Records contained in a dataset
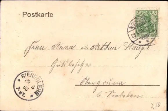 Zustand, siehe Scan, gelaufen, 1905 - ca 14 cm X 9 cm
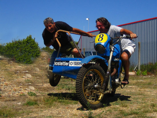 J'ai acheté ce Sidecar-cross EML pour faire le Paris Dakar de 1981 (que je n'ai pas fait). Denis avec son pére me l'ont gardé précieusement pendant ces dernières 24 années, en attendant mon retour. Cet été, je l'ai ramené à Genéve pour le remettre en état et aller dans le Sahara avec Giorgio et Vincent... bientôt.  |
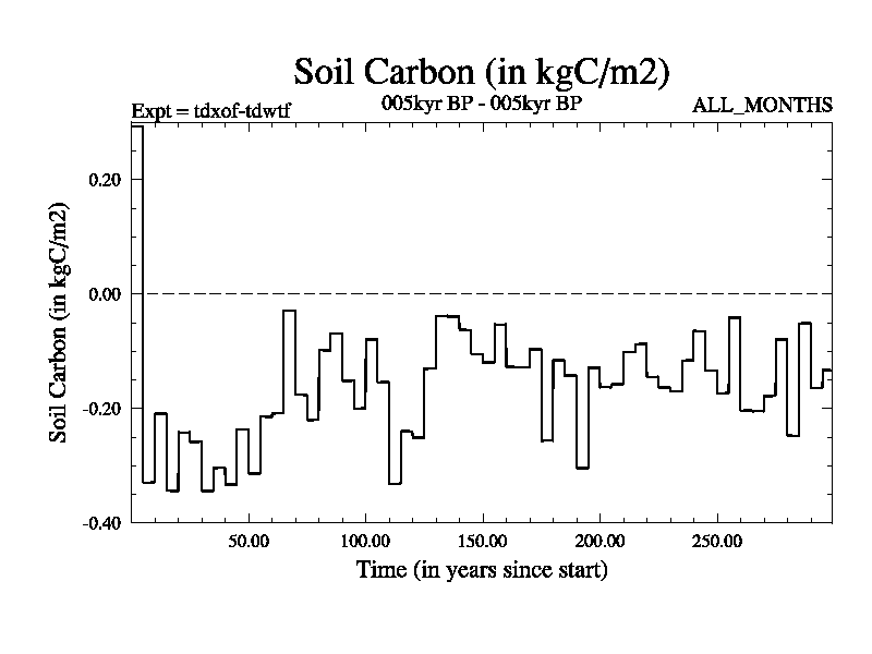 This is the 005kyr BP simulation for a new set of BBC runs using TRIFFID. Static mode, started from tdwt set of simulations (new BBC static TRIFFID runs). This version includes the dark_respiration update.
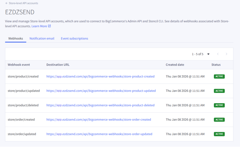 Once the store is connected there will be 5 active webhooks.
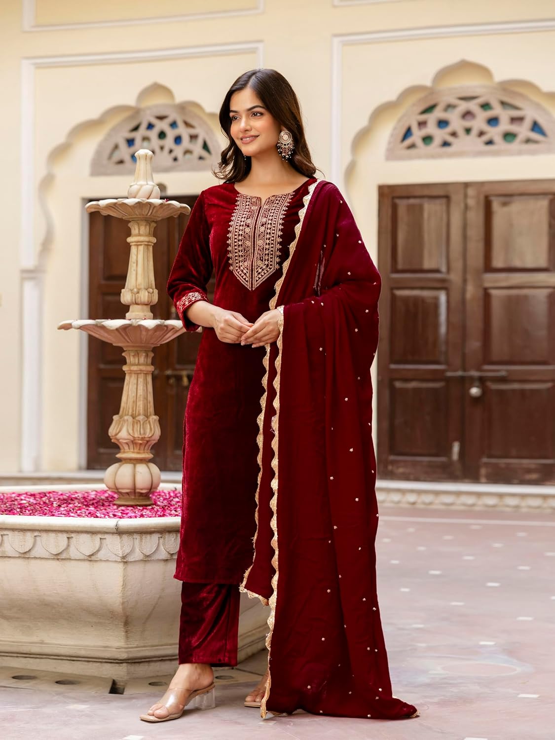 Trendmalls Maroon Velvet Kurta pant set with dupatta for women. Trendy stylish ethnic fusion Salwar Suit Set Women can wear this trendmalls embroidery kurta set for wedding wear, marriage functions, great for parties and festival occasion.
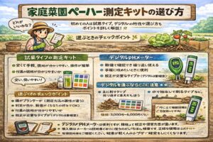 家庭菜園で最初の一歩なら、私は試薬タイプの測定キットを推します。価格が手頃で、失敗しにくいからです。慣れてきて「もう少し数値で追いたいな」と思ったら、デジタルpHメーターを追加する流れが無駄が少ないですよ。
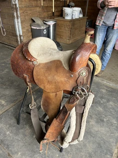 Fantastic saddle by maker D.R. Hoover.used 15 inch seat. In fantastic condition, great heavy duty working saddle, fits horses like it’s supposed to!
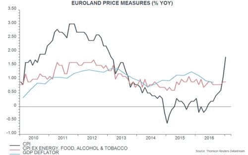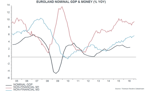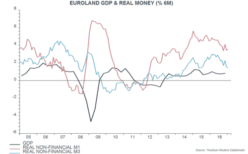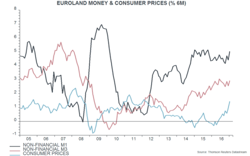 Six-month real non-financial M1 growth is around the middle of its range over the past three years, a period during which GDP expansion has averaged 1.7% per annum – a reasonable expectation for the pace of growth over the next two to three quarters. Such growth would be above “potential” economic expansion estimated by the EU Commission, IMF and OECD at 1.0-1.2% in 2017, implying a further fall in unemployment.

# [What the task requires]
Restate word for word, and only, the lines from the line that contains "This is the" through the end of the data, both included; pictures are not part of the copy.

# [Answer to this problem]
 This is the 005kyr BP simulation for a new set of BBC runs using TRIFFID. Static mode, started from tdwt set of simulations (new BBC static TRIFFID runs). This version includes the dark_respiration update.
 Once the store is connected there will be 5 active webhooks.
 Trendmalls Maroon Velvet Kurta pant set with dupatta for women. Trendy stylish ethnic fusion Salwar Suit Set Women can wear this trendmalls embroidery kurta set for wedding wear, marriage functions, great for parties and festival occasion.
 家庭菜園で最初の一歩なら、私は試薬タイプの測定キットを推します。価格が手頃で、失敗しにくいからです。慣れてきて「もう少し数値で追いたいな」と思ったら、デジタルpHメーターを追加する流れが無駄が少ないですよ。
 Fantastic saddle by maker D.R. Hoover.used 15 inch seat. In fantastic condition, great heavy duty working saddle, fits horses like it’s supposed to!
 Six-month real non-financial M1 growth is around the middle of its range over the past three years, a period during which GDP expansion has averaged 1.7% per annum – a reasonable expectation for the pace of growth over the next two to three quarters. Such growth would be above “potential” economic expansion estimated by the EU Commission, IMF and OECD at 1.0-1.2% in 2017, implying a further fall in unemployment.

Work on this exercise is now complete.